Tibshirani, Robert. 1996. Regression shrinkage and selection via the
lasso. Journal of the Royal Statistical Society. Series B
(Methodological) 267-288.

Tibshirani, Robert. 2011. Regression shrinkage and selection via the
lasso: a retrospective. Journal of the Royal Statistical Society: Series
B (Statistical Methodology) 73, no. 3: 273-282.

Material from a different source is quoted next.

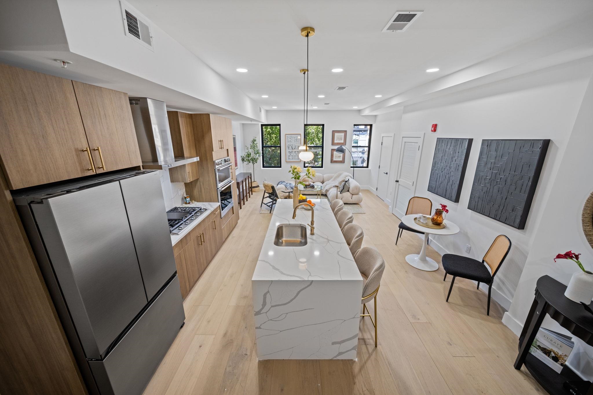 Modern and elegant 3 bedroom, 2.5 bath duplex in highly desirable Jersey City Heights, offering a refined blend of space, style, and comfort. Spanning two thoughtfully crafted levels, this residence boasts an airy, open-concept layout with expansive living areas ideal for both comfort and entertaining. A spacious private rooftop deck crowns the home, creating an exclusive escape with sweeping panoramic city views. Large windows bathe each room in natural light, showcasing the home’s impressive scale, sophisticated design, and high-end finishes. The chef’s kitchen is a true showpiece, equipped with professional-grade appliances, including a pot filler, a double wall oven with microwave, air-fry, and speed-cook functions, a fully vented hood, and custom cabinetry that blends timeless elegance with everyday functionality. The luxurious primary suite offers a sleek en suite bath with radiant heated floors and a spacious walk-in closet. Bathrooms throughout showcase designer tile work and premium fixtures. Additional highlights include private dedicated basement storage and a SwiftReader facial recognition system for secure, keyless, front door access. Every detail has been carefully curated, resulting in a home that combines exceptional craftsmanship with a serene outdoor space. Nearby Indoor Garage Parking Available.

On Apr 26, 2013, at 11:24 AM, David Hoaglin wrote:

Mitchell,

To get information on "correlation" between two categorical variables,
a crosstab would be a good start.  The idea is to look at the data in
detail before (or instead of) reducing the relation of the two
variables to a single number.

The "variance inflation factor" (VIF) is defined for an individual
predictor variable.  Conceptually, one uses that predictor as the
dependent variable in a regression on all the other predictors, and
interprets 1 - R^2 from the regression as the "usable fraction" of
that predictor in the full regression model.  The VIF for that
predictor is the reciprocal of that 1 - R^2.

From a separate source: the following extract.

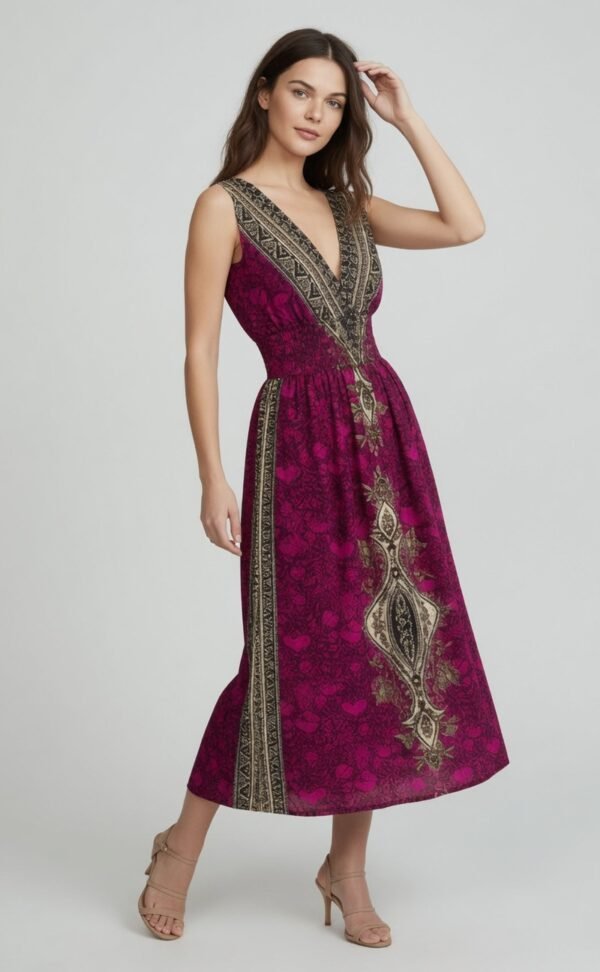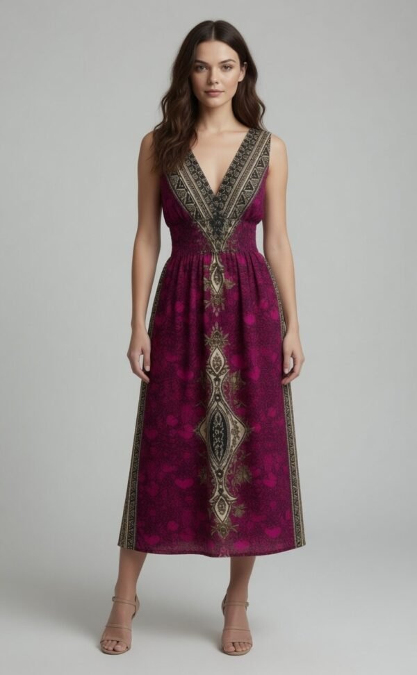 Bohemian Embroidered Midi Dress Pink

A VIF gives information how badly the standard error for the estimate
of that regression coefficient is degraded, but it does not show which
predictors are involved in the collinearity (if a troublesome
collinearity is present).  That's where -coldiag2-  and related
methods come in.

I don't know whether someone has generalized VIF to categorical
variables, but you would not need that if you applied -coldiag2- to
the full set of predictors.  That diagnosis is designed for OLS
regression, but it is often useful for logistic regression.

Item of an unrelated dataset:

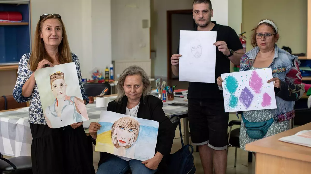 Ana E. Parro, que acaba de pintar con acuarelas su autorretrato, explica la experiencia didáctica: “Trajo una foto impresa, en blanco y negro para ver mejor las sombras, y nos explicó cómo trasladar las proporciones de la cara para trabajar en papel grande”.

I'll follow the links when I get a chance.

David Hoaglin

On Fri, Apr 26, 2013 at 8:58 AM, Mitchell F. Berman <[email protected]> wrote:
> Thank you for the reply.  Yes, I see that for a single categorical variable
> broken into dummy variables, collinearity between the dummy variables would
> be zero.
> But my question concerns correlation between related, similar, categorical
> variables.
> 
> If I have multiple similar categorical variables, for example: homebound,
> uses a walker, home-health aide, lives in nursing home, these categorical
> variables will move together though the data--- won't be identical for all
> patients, but correlated.
> 
> People mention standard VIF (which I know how to do), but the more thorough
> answers imply this is not correct.
> 
> This links suggests perturb (a module available for Stata, R, and SPSS) or
> polychoric correlation
> http://stats.stackexchange.com/questions/35233/how-to-test-for-and-remedy-multicollinearity-in-optimal-scaling-ordinal-regressi
> 
> This link from talkstats suggests that polychoric correlations (available in
> R) are preferable, because correlations calculated using pearson product
> moment are invalid for categorical data.
> http://www.talkstats.com/showthread.php/22996-Collinearity-Among-Categorical-Variables-in-Regression
> 
> someone else suggested spearman correlation coefficient
> http://www.statisticsforums.com/showthread.php?t=802
> 
> factor analysis
> http://www.talkstats.com/showthread.php/13264-Collinearity-in-Logistic-Regression
> 
> This is beyond my level of theoretical understanding.  I was trying to get a
> sense of what the experts on the Stata List server use.
> 
> Thank you for any additional input.